Thanks for the response. I cuurently can do as you say. I have a dice collection object defined in a class which you can add die to. What I would like to do is add a method to the dice object that would allow me to type dice.roll and each member of dice would roll. Your solution would work fine, I'm just trying to learn more about creating classes and so forth and thought it would be a good challange to add a function directly into the dice class that would achive the roll for dice that I currently have for die.

Thanks,

Fred
 
Public Sub Roll()
For Each d As Dice In List
d.Roll()
Next
End Sub
 
Thanks RiverGuy,

I'll try it tonight when I get home.
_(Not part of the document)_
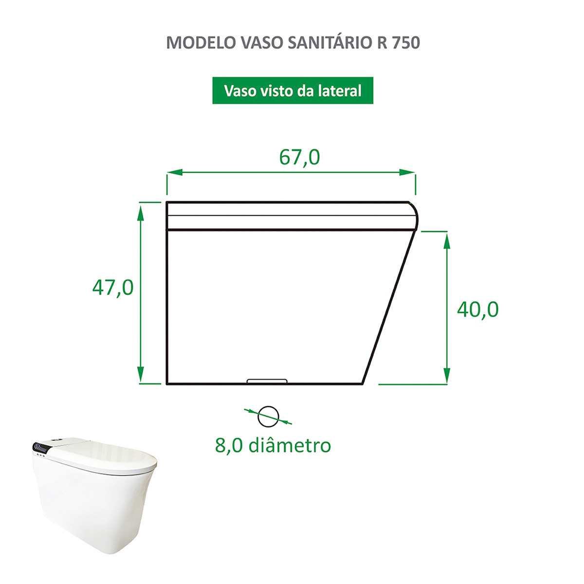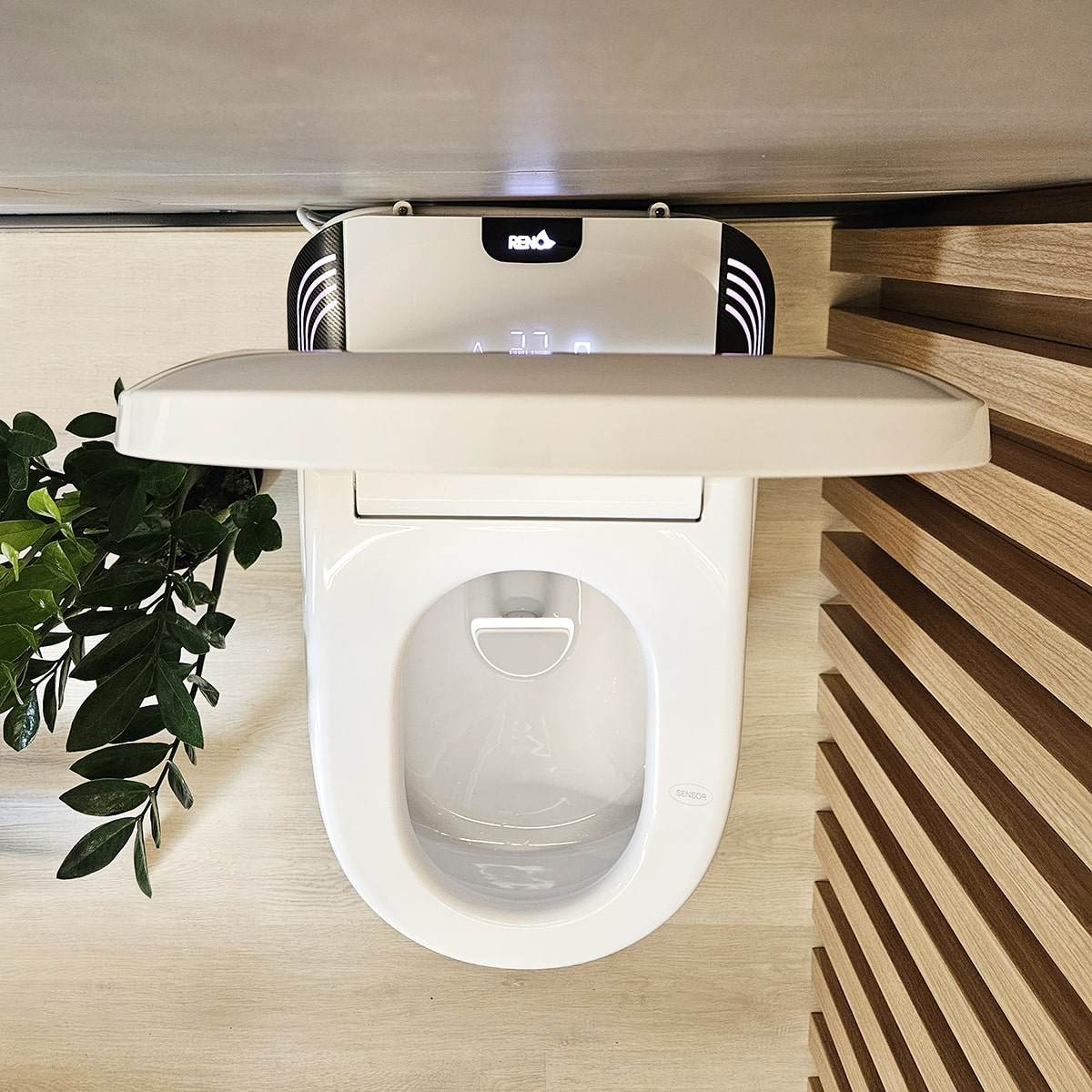 A linha de vasos sanitários da Reno, traz muita sofisticação, requinte e design. Produtos únicos para transformar seu projeto do sonho, em realidade! O vaso R 750 Inteligente é o que há de mais inovador em vasos sanitários. Possui sensor de presença, sistema UV de esterilização, abertura automática de tampa e assento, painel digital, controle remoto, assento aquecido, ducha higiênica, descarga jato Plus, e outras funções que garantem ao R 750 muita tecnologia, conforto e exclusividade!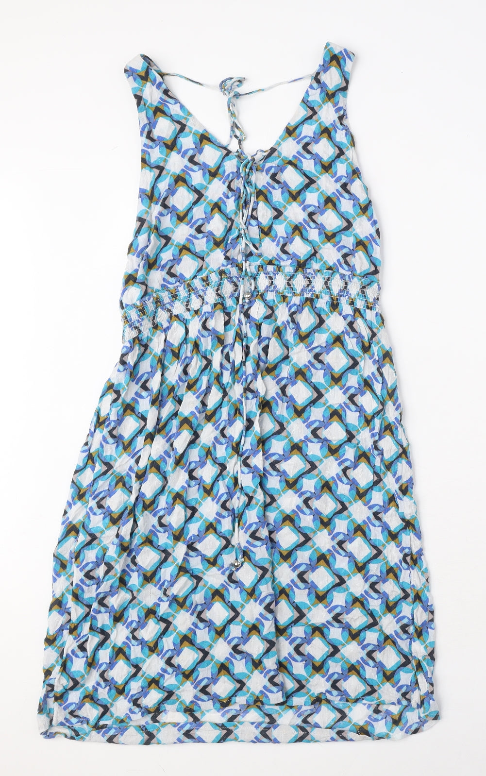 Womens Blue Geometric Viscose A-Line Size 14 V-Neck Tie - Open Back

Question, is List inherited from the collectionbase? And, I've never defined the object right in a for each statement before, that is what the d as dice is doing right?

Thanks,

Fred
 
1. Yes.
2. That works in 2003, not 2002. If using 2002, define it first.
 
I made a custom class Dice that works as a collection for Die. it has a roll method:

Code:
Public Class dice
  Inherits System.Collections.ArrayList

  Public Function Roll(ByVal NumberOfDice) As Integer()
    Dim i As Integer
    Dim ReturnVal(NumberOfDice - 1) As Integer
    For i = 0 To NumberOfDice - 1
      Me.Add(New die())
    Next i

    Dim dieIterator As die
    i = 0
    For Each dieIterator In Me
      ReturnVal(i) = dieIterator.roll()
      i += 1
    Next
    Return ReturnVal
  End Function

End Class

my die class is as follows:
You can easily add a constructor and a private variable to set the number of sides also
Code:
Public Class die
  Public Function roll() As Integer
    Return (Rnd() * 6) \ 1 + 1
  End Function
End Class

And the code to use it looks like this:
Code:
    Dim MyDice As New dice()
    Dim i() As Integer = MyDice.Roll(6)

-Rick

----------------------
 
Rick, I'm assuming he's inheriting from CollectionBase, and using the examples in the "Creating your own collection class" series on MSDN.
 
RiverGuy and Rick,

Thank you very much. When I get home tonight, I will chew on all of this. It helps having people around like yourselves that are willing to show someone new to these things.

Fred
 
RG - could be, there are atleast 101 different ways to build a dice roller in .net.

Foundry - thank my boss, it was a slow start to the morning, and you never know when a dice roller will come in handy. Maybe I'll stick it in our leasing application as an easter egg. Let those sales guys throw some bones over lunch.

-Rick

----------------------
 
You never know, they may end up using it to determine their sales forcast.